Vocabularies: next steps

Mon Nov 26 13:00:46 PST 2007

Rick, hello.

On 2007 Nov 26, at 16:02, Frederic V. Hessman wrote:

>> The format of the concept labels (case and character set)
> Careful!
>
> Namespace labels (e.g. http:www.ivoa.net/thesauri/IVOAT#21CmLine):
>
> 	Case:  
> MixedCapitalizationByOnlyRemovingNonAlphabeticAndNumericCharactersSoTh 
> atMercuryWillWorkTwiceButOtherwiseVerySimpleToImplement			
>
>
> 	Set: a-Z, 0-9
>
> prefLabels (e.g. "21-cm line"):
>
> 	Whatever is used by whoever does it.  E.g.

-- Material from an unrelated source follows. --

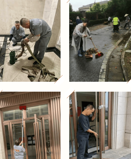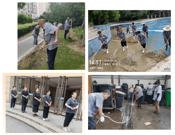 保洁团队是环境的守护者。他们不仅全面清理着园区的每一处垃圾,将散落的白色袋装落叶逐一收集、清运,还把楼道门窗,电梯等全部擦拭。他们的汗水,换来了家园一尘不染的洁净底色。
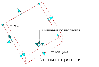 Ручки угла, смещения по горизонтали и смещения по вертикали для перекрытий

IAU93 and AOIM have  
> spaces and things.

You're quite right.  I meant the concept URI: the concept fragment  
should I believe/agree, be drawn from [a-z0-9], though I wouldn't  
push very hard against [a-zA-Z0-9].  The prefLabel and altLabel  
fields should be Unicode.

>> The number of top concepts in the IAU thesaurus
>
> Huh?  The IAU thesaurus is the IAU thesaurus.  If "top concepts"  
> are defined either as 1) not having a BT or 2) having a NT, then  
> the number is already fixed.  Basta.

I agree.  I posted something to this effect in the middle of a longer  
message last week -- it's not something we have control over.

>> The grammatical number of the concept names (singular or plural)
> Singular, please! - it's a real pain to use the formal system of  
> singular concepts and plural countables and I agree that singular  
> should make the vocabulary simple to use

I think this is also a non-issue.  If a term is plural in the  
vocabulary we're adapting (IAU93 and A&A use this convention) then it  
should remain plural in the SKOS version, otherwise we're making  
gratuitious changes; if it's singular in the original vocabulary  
(AOIM) then it should remain singular in SKOS, for the same reason.

>> The number of vocabularies we intend to produce (in particular  
>> whether we produce a pair of `IAU' thesauri, including a corrected  
>> and updated one, and which UCD vocabulary we use), and which  
>> interrelationships we plan to publish
>
> Vocabularies:
>
> 	IAU93, AOIM, UCD1, A&A certainly (since they're easy)
>
> 	IVOAT hopefully (since this is hopefully the most useful)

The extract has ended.